Background: Cancer, Genomics, Precision Medicine, and DNA
Cancer is a complex set of diseases whose traditional treatments commonly result in harsh side effects and lasting collateral damage.
People whose cancer is metastatic — meaning that it has spread from its initial site such as the lung, breast, colon, etc., to elsewhere in the body — face unique treatment challenges due to what is known as resistance. After a certain point, treatments that have been working stop being effective and the cancer starts to grow again. Metastatic cancer, also known as advanced or stage IV, is lethal.
Progress in both cancer research and technology has been paving the way for personalized or targeted treatments to better serve patients. This is known as precision medicine, which in cancer specifically, relies on molecular diagnostics. According to the National Cancer Institute,
Usually, these biomarkers are found when a tumor’s DNA is sequenced. Some well-known biomarkers include ROS1, ALK, and HER2/ERBB2, and targeted treatments which are directed at these molecules can be highly effective. However, even targeted therapies end up encountering resistance when up against stage IV cancer. Gaining a complete understanding of the causes of this resistance is key to refining and developing next generation cancer treatments.
From DNA to RNA: Towards Truly Personalized Cancer Medicine
With that in mind, scientists are beginning to dive deeper into the field of genomics, going beyond DNA to study RNA and the transcriptome. Indeed, the field of oncology has begun to study the possibilities for RNA sequencing to reveal further hallmarks of cancer than those known via DNA, and therefore potentially lead to additional treatment options, particularly once treatment resistance has set in.
Recently, OmiCure, Personalized Cancer Medicine, Ariana Pharma, and Private Health, Inc. published a scientific article in the Journal of Clinical Colorectal Cancer reporting on the case of a 49-year old woman who was diagnosed and treated for stage IIIB colon cancer with chemotherapy in 2015-16.
When about a year later the patient’s cancer progressed to stage IV, she had surgery to remove the metastases and was stable for about a year. Then, new areas of spread were detected, molecular studies revealed she had HER2 amplification (i.e., high copy numbers of HER2), and she joined the MyPathway clinical trial to gain access to treatment targeting those biomarkers (a combination of trastuzumab-pertuzumab). This resulted in a partial remission which lasted approximately one year. As the patient’s cancer continued to progress, she and her medical team tried various other treatment strategies which, like the ones before, ended up meeting resistance. By January 2020, another biopsy revealed that her cancer was still HER2 amplified, with no new genomic abnormalities.
As it appeared that all known options to treat this patient’s cancer had been exhausted, her team decided to perform RNA sequencing. This allowed them to perform gene expression analysis on two of her previous biopsies and compare the results to healthy colon tissue.

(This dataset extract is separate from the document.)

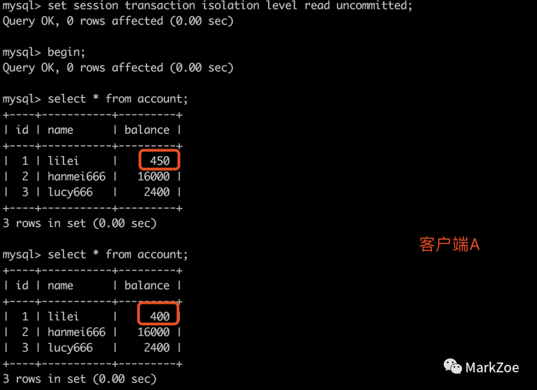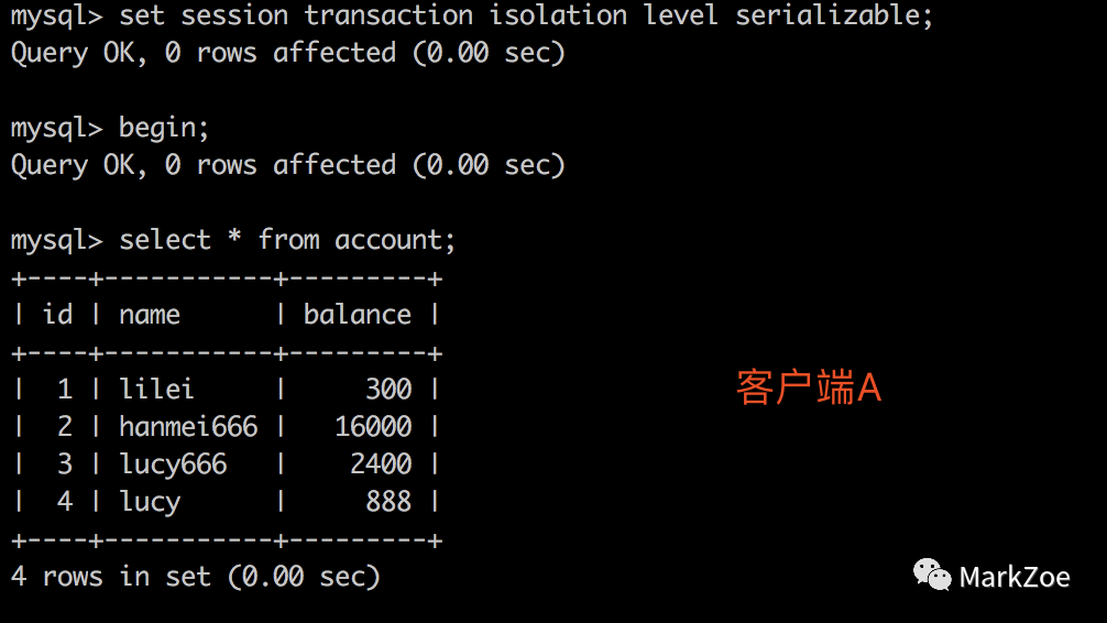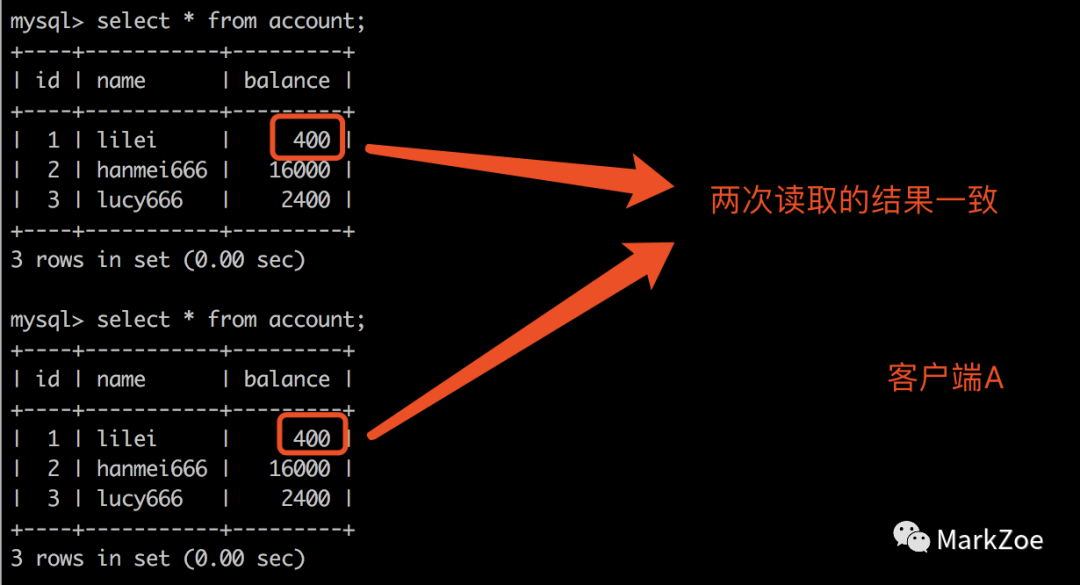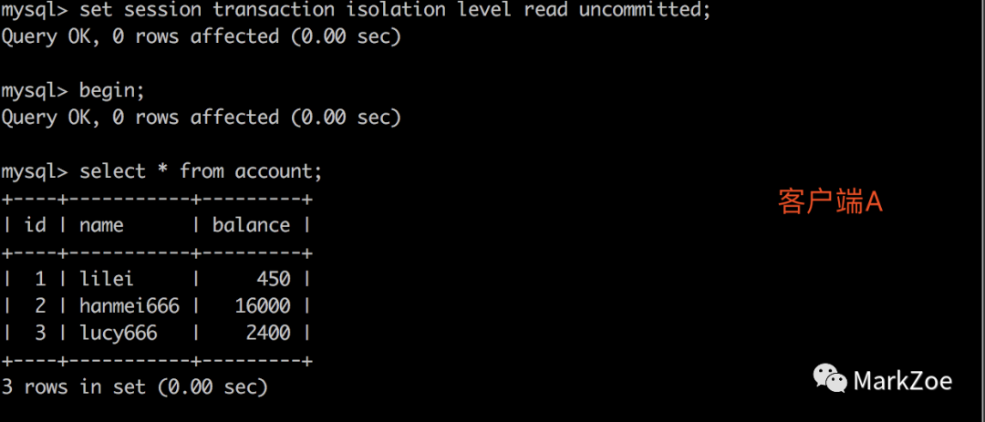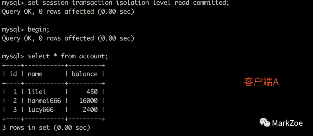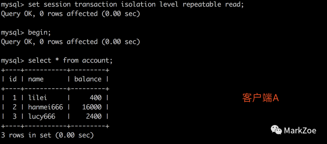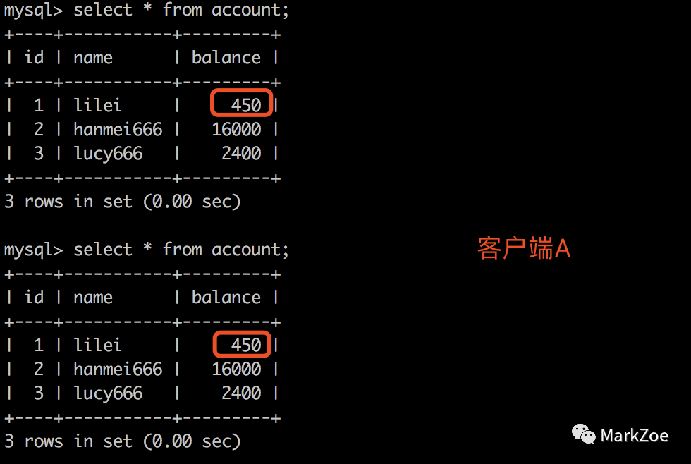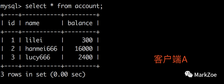 3)在客户端A查询表account的所有记录,与步骤(1)查询结果一致,没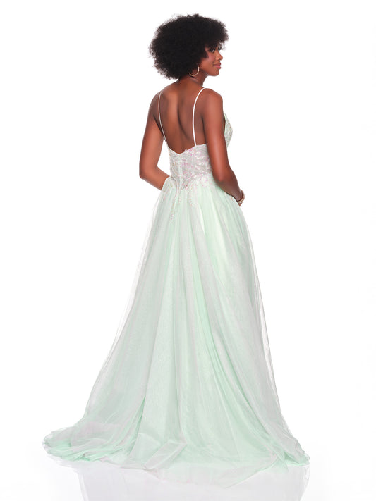 BALLGOWN WITH MULTILAYER COLORED TULLE AN EMBELLISHED TOP

In retrospect, the team found that had they sequenced the tumor’s RNA on a regular basis throughout the patient’s course of treatment, they would likely have discovered information that could not be found via solely studying the tumor’s DNA. And, this valuable information could have helped them decide what and when to prescribe, and what not to prescribe, given the effects on treatment resistance of certain biomarkers found uniquely via RNA sequencing. In other words, with RNA it is possible “to check if some of the results obtained from DNA analysis actually translate or not in changes in gene expression, to see if it makes sense to try to bring it down or up. And also to check the levels of other genes involved in treatment resistance, to see how to overcome those.”
"There is so much unanticipated and clinically relevant information in gene expression analysis, practicing without it will soon come to be seen as the medical equivalent of crossing the street looking in only one direction."
For the colon cancer patient in the case report, for example, the team found that it would have been possible to “avoid one of the prescribed lines of HER2-targeting treatment that had been prompted by misleading amplification DNA results.” This would have spared her unnecessary added side effects as well as financial toxicity.
The team concluded that “in the chess game of disease control, such results may deliver unanticipated insights which re-direct therapeutic planning in crucial ways.”